INSTRUCTIONS TO FOLLOW
Would you output the entries below only from the line containing "White-winged Black Tern (Orgreave – D.Wood)" through the line containing "A good start", exactly as they stand and with both ends included?
..........
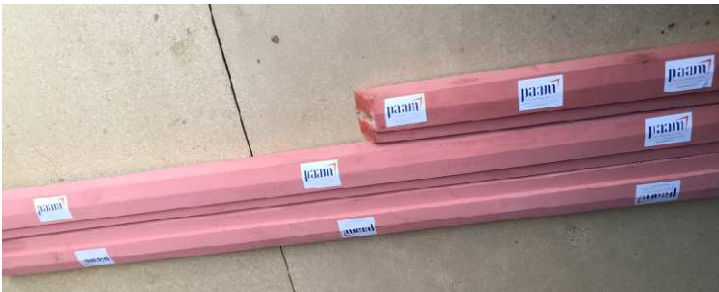
DOOR FRAME IN 3 PARTS MARKED A,B & C
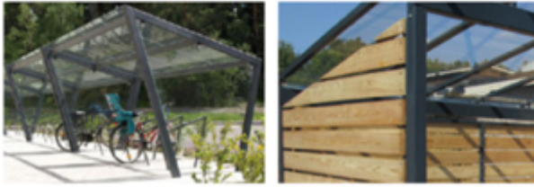
Bike Shelter Contemporary angular steel framed bike shelter with glass, metal or timber roof construction. Optional enclosed sides and lockable compartments. Powder coated RAL 7016
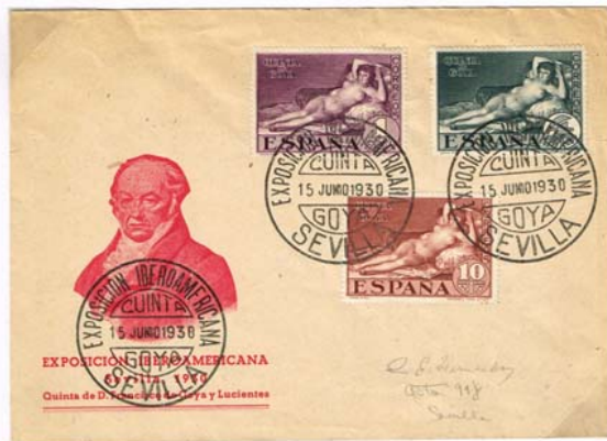
First Day Cover of Spain's Goya Nudes Issue June 15 1930 Spanish -American Exposition Seville Spain Issued to Commemorate the 100th Anniversary of the Death of Francisco de Goya y Lucientes Image is after his painting: La Maja Desnuda

So in addition to being our COTM, it is also part of our series on Exhibit pages.
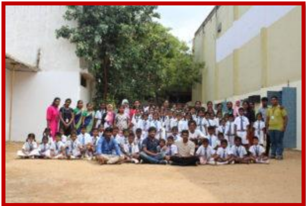
Service to Global Standard School on 1 st August 2018
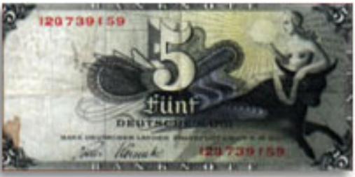
1948 German mark note
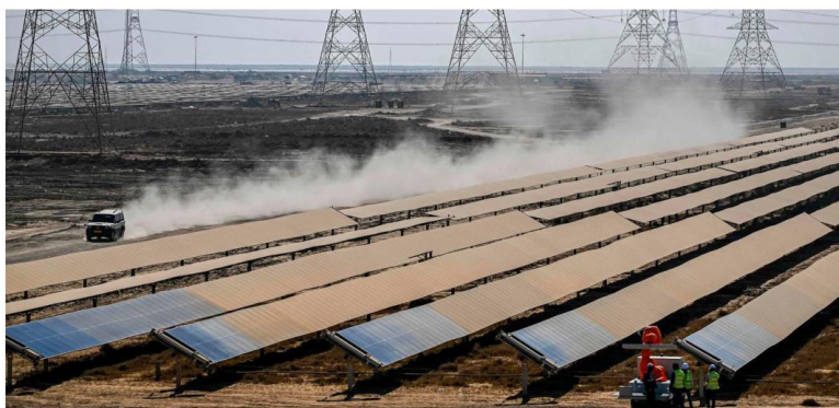
Workers install solar panels at the Adani Group-owned Khavda Renewable Energy Park in Khavda, Gujarat.

"This variation depends on atmospheric variables such as clouds, aerosols or particulate matter, water vapour, and radiatively active gas molecules such as ozone. Clouds reflect and aerosols either scatter or absorb incoming solar radiation reaching the surface. Therefore, on a cloudy or hazy day, due to particulate matter pollution, less solar radiation will impinge on the solar panel and reduce solar generation."
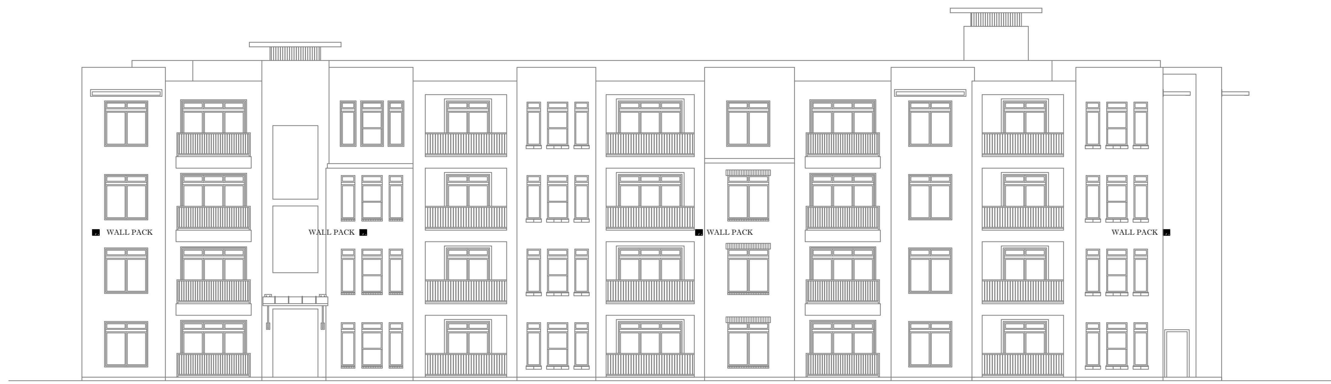
BUILDING 2 REAR ELEVATION
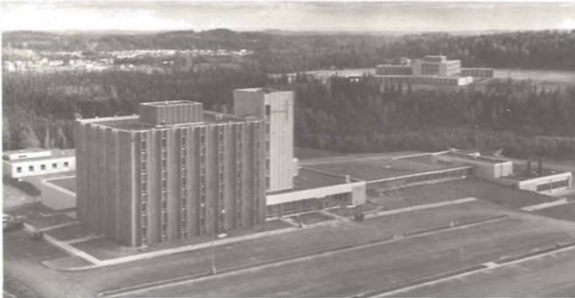
Providence Hospital in 1962.
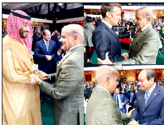
PARIS: Prime Minister Muhammad Shehbaz Sharif meets Crown Prince and Prime Minister of the Kingdom of Saudi Arabia, President of France Emmanuel Macron and President of Egypt Abdel Fattah El-Sisi during New Global Financing Pact Summit

On the occasion, the president was given a briefing on the financial and administrative affairs of the provincial universities.
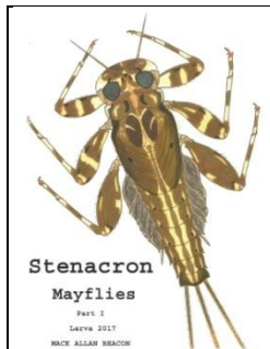
Stenacron Mayflies 2020 Mack A Beacon Larvae and Adults
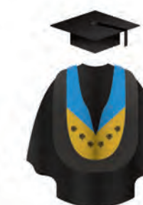
Bachelor of Business Administration
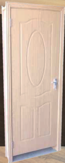
Coated MDF Door CL - 09

Welcome to our wide range of stylish MDF doors.
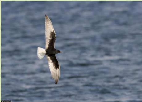
White-winged Black Tern (Orgreave – D.Wood)

A good start for July included records of waders with a single Whimbrel over Rawmarsh on the 3rd and one over Orgreave on the 11th. Black-tailed Godwit were also present at Orgreave Lakes with one on the 9th, five on the 11th and four on the 24th.
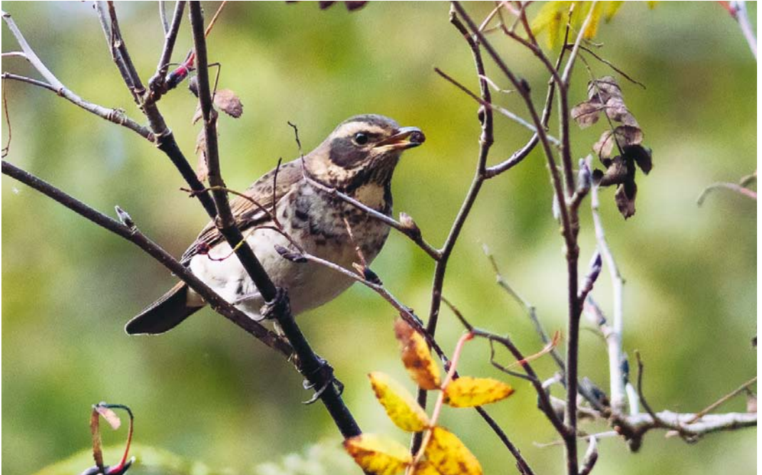
705 Presumed Dusky Thrush / vermoedelijke Bruine Lijster Turdus eunomus , first-winter, Beijum, Groningen, Groningen, Netherlands, 8 November 2016 ( Jos Welbedacht )
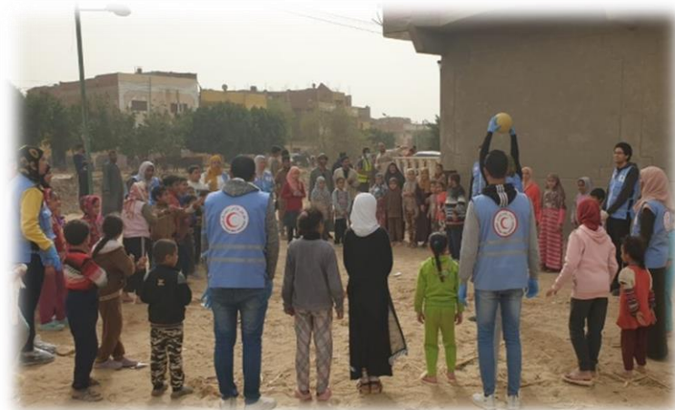
Figure 2. ERC volunteers providing PSS to children affected by the floods.

Following the floods, the government declared a state of emergency alert and ERC activated its Emergency Operations Center (EOC) which has remained operational since the floods. The ERC has been responding to the emergency with 100 ERTs in 27 branches activated and an average of 500 volunteers mobilized throughout three days.
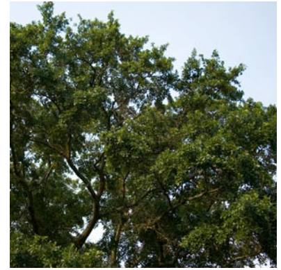
An urban forest plan could provide comprehensive guidance for the protection and expansion of Decatur’s tree canopy
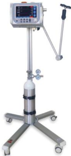
Ventilator Cart with tube holder
..........
SOLVED PROBLEM
White-winged Black Tern (Orgreave – D.Wood)

A good start for July included records of waders with a single Whimbrel over Rawmarsh on the 3rd and one over Orgreave on the 11th. Black-tailed Godwit were also present at Orgreave Lakes with one on the 9th, five on the 11th and four on the 24th.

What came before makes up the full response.